2.2 Risk Amplifiers¶

Reading Time

18 min

This section covers some underlying common factors of both AI systems, as well as the development space surrounding these that serve as accelerating factors to increase risk.

2.2.1 Accidents¶

Often, the whole point of producing a new technology is to produce a positive impact on society. Despite these noble intentions, there is a major category of risk that arises from large well-intentioned projects that unintentionally go wrong. (Critch & Russel, 2023)

Flaws are hard to discover . It often takes time to observe all the downstream effects of releasing a technology. There are many examples throughout history of technologies that we built and released into the world only to later discover that they were causing harm. Some historical examples include the use of leaded paints and gasoline causing large populations to suffer from lead poisoning (Kovarik, 2012), the use of CFCs causing a hole in the ozone layer (NASA, 2004), our use of asbestos which is linked to serious health issues, the use of tobacco products, and more recently the widespread use of social media, the excessive use of which is linked to depression and anxiety. (Hendrycks, 2024)

Some of these risks are diffuse and emerge only at the societal level, but others are perhaps easier to compare to software-based AI risks:

Undetected hole in the ozone layer . The example of the hole in the ozone layer might have occurred due to diffuse responsibility, but it was made worse because it remained undetected for a long period (NASA, 2004). This is because the data analysis software used by NASA in its project to map the ozone layer had been designed to ignore values that deviated greatly from expected measurements.

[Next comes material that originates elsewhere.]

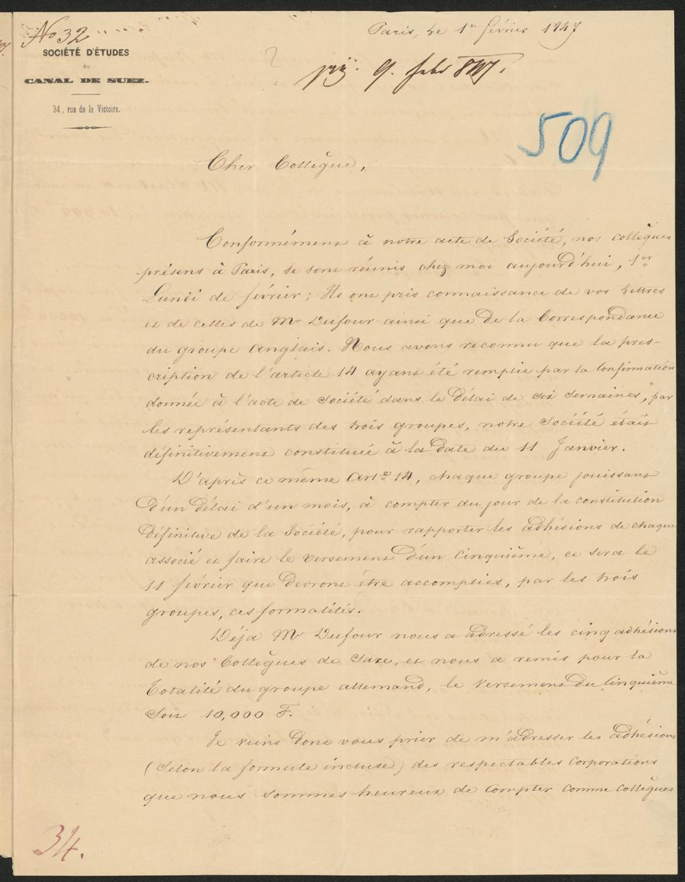 NL-050-0509-01: Brief bzgl. der Gruppen der Société

The Mariner 1 Spacecraft . In 1962 the Mariner 1 space probe barely made it out of Cape Canaveral before the rocket veered dangerously off course. Worried that the rocket was heading towards a crash-landing on Earth, NASA engineers issued a self-destruct command and the craft was obliterated about 290 seconds after launch. An investigation revealed the cause to be a very simple software error. A hyphen was omitted in a line of code, which meant that incorrect guidance signals were sent to the spacecraft. (Martin, 2023)

There are countless other similar examples. Just like the one missing hyphen in the software for the Mariner spacecraft, we have also seen similar bugs due to one single character being altered in AI systems. OpenAI accidentally inverted the sign on the reward function while training GPT-2. The result was a model which optimized for negative sentiment while still regularizing toward natural language. Over time this caused the model to generate increasingly sexually explicit text, regardless of the starting prompt. In the author's own words “This bug was remarkable since the result was not gibberish but maximally bad output. The authors were asleep during the training process, so the problem was noticed only once training had finished.” (Ziegler et al., 2020)

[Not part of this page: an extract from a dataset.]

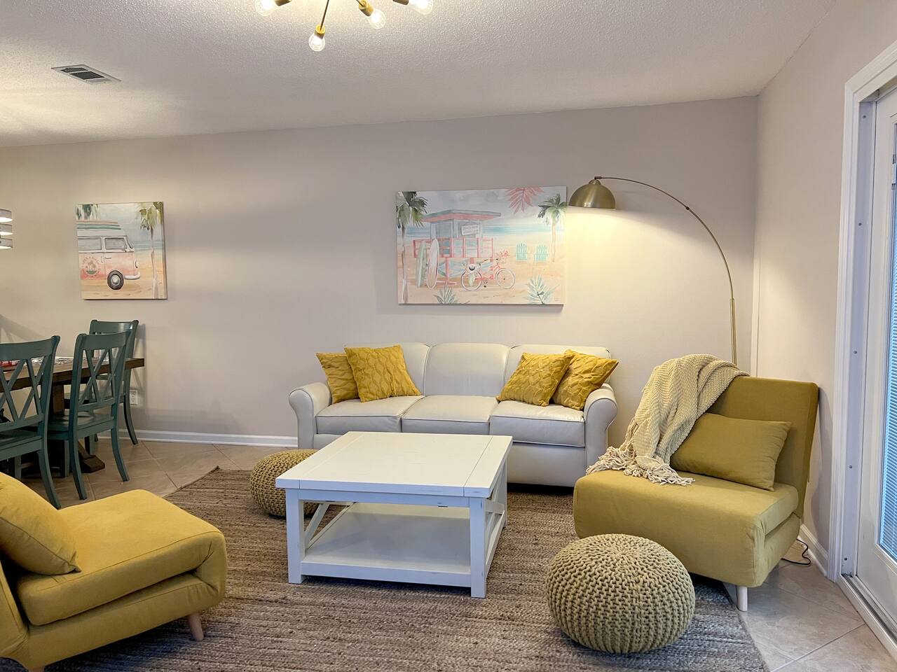 Everything is within walking distance, not only to the beach, but to everything you need for a perfect vacation: the convenience store, spa, bar and grill, hair and nail salon, gulf cart rentals, Surf Hut restaurant with an ocean view, and the Alvin's store. If that's not enough, theres a whole mall plaza less than 2 miles away.

While this example didn't really cause much harm, except to perhaps the human evaluators who had to spend an entire night reading increasingly reprehensible text, we can easily imagine that extremely small bugs like a single flipped sign on a reward function can cause really bad outcomes if they were to occur in more capable models.

The rapid improvement, combined with a lack of understanding and predictability makes it more likely that despite the best intentions we might not be able to prevent accidents. This supports the case for heavily tested slow rollouts of AI systems, as opposed to the “Move fast and break things” ethos that some tech companies might hold.

Harmful malfunctions (Jones, 2024). AI systems can make mistakes if applied inappropriately. For example:

A self-driving car in San Francisco collided with a pedestrian that was thrown into its path by a human driver. This was arguably not its fault - however, after initially stopping it then started moving again, dragging the injured pedestrian a further six meters along the road. (The Guardian, 2023) Government investigators alleged that the company initially hid the severity of the collision from them. (The Guardian, 2023)
A healthcare chatbot deployed in the UK was heavily criticized when it advised users potentially experiencing a heart attack not to get treatment. When these concerns were raised by a doctor, the company released a statement calling them a "Twitter troll". (Lomas, 2020)

Furthermore, use of AI systems can make it harder to detect and address process issues. Outputs of computer systems are likely to be overly trusted. (Wikipedia) Additionally, because most AI models are used as black boxes and AI systems are much more likely to be protected from court scrutiny than human processes, it can be hard to prove mistakes. (Marshall, 2021)

2.2.2 Indifference¶

Risks arising from indifference can be caused when the creators of AI models discover certain problems, but they don't take the moral consequences that might arise on release of the system seriously.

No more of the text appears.